There seems to be some inconsistency that I am not able to understand regarding the bash shell.

If I execute:

ls;date;time

the results of the three queries are shown in sequence.

However, on interchanging date and time position, an error message pops up.

So if I execute:

ls;time;date

the error message says: bash: syntax error near unexpected token 'date'.

Can someone explain this?


Solution 1:

The time command in your pipeline is not the /usr/bin/time binary, but the bash time built-in. Compare man time with help time. The error you see is bash failing to parse time's argument. This must either be present or be a newline. It is a newline in your first example but absent in the second.

On the other hand, if you were to run

ls;date;'time'

or

ls;'time';date

where the quotes around 'time' revoke its status as a reserved word, then bash has no problems parsing the line.
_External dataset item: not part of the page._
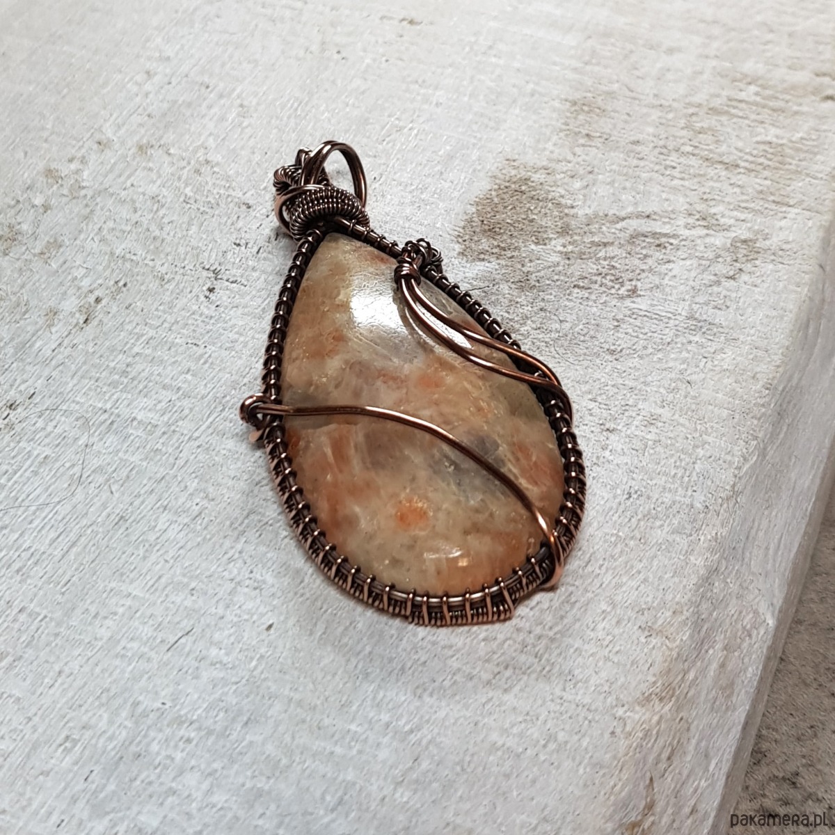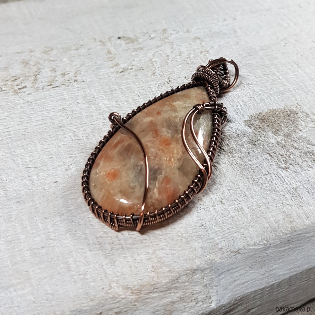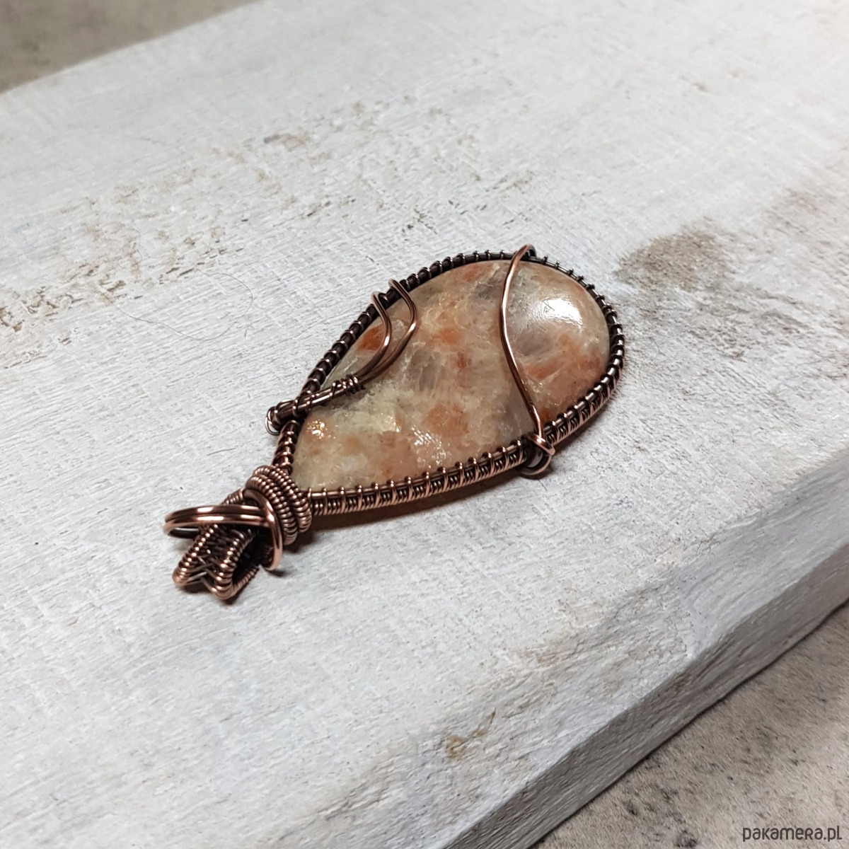 Zawieszka wykonana ręcznie metodą wire-wrappingu której głównym elementem jest naturalny kamień słoneczny w kolorze pomarańczu, beżu, złotego, gdzieniegdzie połyskujący drobinkami przypominającymi brokat. Wisiorek wykonany jest w miedzi, którą następnie zaoksydowałam i wypolerowałam w celu uzyskania efektu szlachetnego postarzenia. Wymiary zawieszki 63x340m z łańcuszkiem długości około 48-50 cm. Wisiorek jest delikatny, skromny, elegancki.

It now parses three commands in a list, which it will execute in sequence, and /usr/bin/time will report a usage error in either case.

Addendum

It was observed that though time ; date yields an error, time ; ; date does not. The likely explanation is that time ; is interpreted by bash as equivalent to time <newline>. The expression time ; ; date is then parsed as the list of time ; and date.

This is consistent with the observation that time ; and time ; ; are legal as well, the second being parsed as the singleton list containing time ; followed by the optional semicolon allowed after lists.

So another way of explaining why time ; date yields the error bash: syntax error near unexpected token 'date' is that time consumes the semicolon separating it from date. It can only do that because time is a bash reserved word.

Solution 2:

Bash treats the built-in time as a special case, when parsing command-lines.

As can be read in the bash manpage, the line as typed is first split into a list:

pipeline ; pipeline

where a pipeline is:

[time [-p]] [ ! ] command [ [|⎪|&] command2 ... ]

or in our case, simply:

time command

i.e. if time is present, then command must also be present.

[There is a special case that allows time to be followed by a newline, but that doesn't apply here]

So, in our case, we have:

time;date

being split into two pipelines:

1. time
2. date

and pipeline 1 is not well formed, since we have time without a command. Hence the error.

Note that the command-line time doesn't work here either:

$ /usr/bin/time;date
Usage: /usr/bin/time [-apvV] [-f format] [-o file] [--append] [--verbose]

bash parses this as expected, into 2 pipelines:

1. /usr/bin/time
2. date

and /usr/bin/time then refuses to run with no argument. Note that this is an error from /usr/bin/time not an error from bash.

The reason that back-tick works is that the back-tick stops time being interpreted as a special element within the pipeline.

i.e. with the back-tick:

`time`;date

it is parsed as two pipelines:

1. `time`
2. date

Remember that a pipeline, in our case, is:

[time] command

and the problem initially was that we had time with no command, which isn't allowed. But now we simply have the command:

`time`

without the preceding time, since the back-ticks mean that time is interpreted as the command, not as a preceding word.

So bash then runs its builtin time with no args, which is accepted. It produces no output, and we see no error.

Note that:

`time`

actually runs the result of the time built-in, i.e. it runs whatever the time built-in produces on stdout. But since time on its own doesn't write anything to stdout, it appears to work.